Durante la intervención, los agentes insistieron menos en las cifras y más en el contexto. La edad del conductor, el escaso tiempo al volante y la imposibilidad de reaccionar ante cualquier imprevisto a esa velocidad marcaron el tono de la conversación. No se trataba solo de infringir una norma, sino de asumir un riesgo que afecta tanto al propio conductor como a cualquier otro usuario de la vía.

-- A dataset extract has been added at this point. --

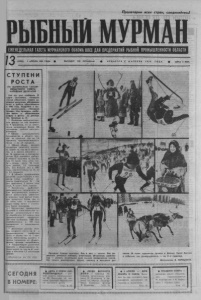 Пролетарии всех стран, соединяйтесь! РЫБНЫЙМУРМАН ЕЖЕНЕДЕЛЬНАЯ ГАЗЕТАМУРМАНСКОГООБКОМА КПС ДЛЯПРЕДПРИЯТИЙ РЫБНОЙПРОМЫШЛЕННОСТИОБЛАСТИ 1398$) 1 АПРЕЛЯ 1*83 ГОДА ф ВЫХОДИТ ПО ПЯТНИЦАМ # И З Д А Е Т С Я С 14 А П Р Е Л Я 1 9 3 4 Г О Д А ф ЦЕНА S КОП. 4 «ДЕЛА И БУДНИ «МОф «ЛЮДИ ВЫСОКОГО ф 1 АПРЕЛЯ — ДЕНЬ ф ПРАЗДНИК СЕ8ЕРА — ЛОДОГВАРДЕЙЦА» — расДОЛГА» — страница поЮМОРА И СМЕХА. Вынорепортаж наших специаль сказ нашего корреспонден та Ю. Казанцева об эки священа талантливому уче ному Н. Книповичу и одсим на суд читателей проных корр еспо нд е нтов И. Елистратова и В. Корец- паже траулера М урмансконому из первых командуизведения мурманских са го тралового флота ющих Северным флотом тириков и гамористоз ко го с ледовы х трасс (стр. 4 — 5). К. Д ушенозу (стр. 8). (сгр. 9). (стр. 11). ^ШШ11Ш111Ш11Ш1!111111ШШ1!111!Ш11Ш!111111ШШШШШ11111!11Ш11!!Ш1Ш11П1МШ1ШШП11Ш111Ш11Ш11Н111ШШ1Ш111ШП1Ш111ШШ11!ШМ1Ш!Ш1111111ШШ1Ш!!!ШШ1И1Ш111Ш1ШШШИ<1ШНШ111|? СТ УПЕНИ РОСТ А ПО МАТЕРИАЛАМ СЕССИИ ОБЛАСТНОГО СОВЕТА НАРОДНЫХ ДЕПУТАТОВ iJ llllllllllllllllltlllllllllllllilllH llillllllllllllllllllllllllllllllllllllllllllliillM lllilllllllllllllllllllllllllillllllllltllllllllllllllllin ililllllllllllllllllllllllllllilltlllillllilllllllllllllllllllllllllllltlllllllllllltlllillllllllK H i: Как мы уже сообщали, 25 марта состоялась четвертая сессия областного Соаета на родных депутатов, обсудиашая отчет о работе облисполкома ■ 1982 году. Подробно о сес сии рассказывала «Полярная ‘Е- правда». Мы приводим наибо лее яркие и убедительные цифры и факты из доклада тов. Зазулина А. П. * Основные производствен ные фонды за год возросли на 9 процентов, на их увели чение направлено боле* 500 миллионов рублей капитало- : вложений. * Объем промышленного производства в области воз рос за прошлый год на 3,6 процента, производительность труда — на 2,4 процента. Общий обьем валовой продукции сельского хозяйст ва вырос за год на 8 процен тов, а с начала пятилетки _— на 16 процентов и составляет сейчас 81,4 миллиона рублей. В области получено за год бо- 15 тысяч тонн мяса ско та и птицы, почти 48 тысяч тонн молока, 214 миллионов яиц. Это больше, чем в 1981 году, соответственно ка 24, 3,3 и 2,4 процента. * В области продолжалось развитие существующих и соз дание новых подсобных хо зяйств предприятий. За год они произвели 3 тысячи тонн мяса, 9 тысяч тонн молока. * Коллективы рыбопере рабатывающих предприятий за счет рационального использо вания рыбы-сырца увеличили в прошлом году выпуск пище вой продукции более чем на 30 тысяч тонн и выработали сверх плана почти 7 миллио нов банок консервов. \ * Коллективы предприятий пищевой и мясо-молочной от раслей дополнительно к пла ну выработали 5,5 тысячи тонн цельномолочной продукции, 320 тонн колбасных, 1700 тонн хлебобулочных и 300 тонн макаронных и кондитерских изделий. * Денежные докоды севе рян возросли почти на 4, а среднемесячная заработная плата — более чем на 2 про цента. Увеличились выплаты и льготы населению из общест венных фондов потребления. * Товарооборот розничной торговли и общественного пи тания вырос за год на 61 мил лион и составил 1,-3 миллиарда рублей. (О к о п ц а п п е п а 2-й стр.) Праздник Севера многолик. Лиц I нем — тысячи. Лиц ра достных, упоенных победой, огорченных, обиженных, удивлен ных — словом, отмеченных всей гаммой человеческих чувств. Нет только равнодушных. Может, по>тому ■ выходные дни свыше 50 тысяч мурманчан пришли ■ Долину Уют»! Расска» о событиях, там развернувшихся, — на 11-й странице. Фотомонтаж В. КОРЕЦКОГО.

Multa, retirada del carnet y una advertencia poco habitual
El expediente incluyó una sanción económica de 1.854 dólares australianos por exceso de velocidad, acompañada de la suspensión del permiso durante seis meses y la perdida de ocho puntos.
A ello se sumaron dos infracciones adicionales, una de 322 dólares por circular con un vehículo considerado defectuoso y 267 dólares por no llevar visibles las placas P, obligatorias para los conductores con el permiso provisional en esa región.

Sin embargo, lo que convirtió el episodio en algo más que un expediente fue la decisión de los agentes de ir un paso más allá. El joven fue informado de que su madre conocería directamente lo sucedido, bien mediante una llamada o una visita, con el objetivo de trasladar la gravedad del comportamiento fuera del entorno policial.
Cuando la lección no termina en la carretera
La escena posterior no cuesta imaginarla. Llegar a casa de madrugada, dejar las llaves y enfrentarse a una conversación incómoda que empieza con una pregunta sencilla y termina con muchas más. Para muchos conductores jóvenes, ese momento pesa más que cualquier sanción económica.
El caso ha llamado la atención precisamente por ese enfoque. Porque, a veces, el verdadero freno no es el radar ni la multa, sino la certeza de que alguien cercano va a escuchar lo ocurrido con calma, revisar los hechos y poner sobre la mesa una decepción difícil de esquivar.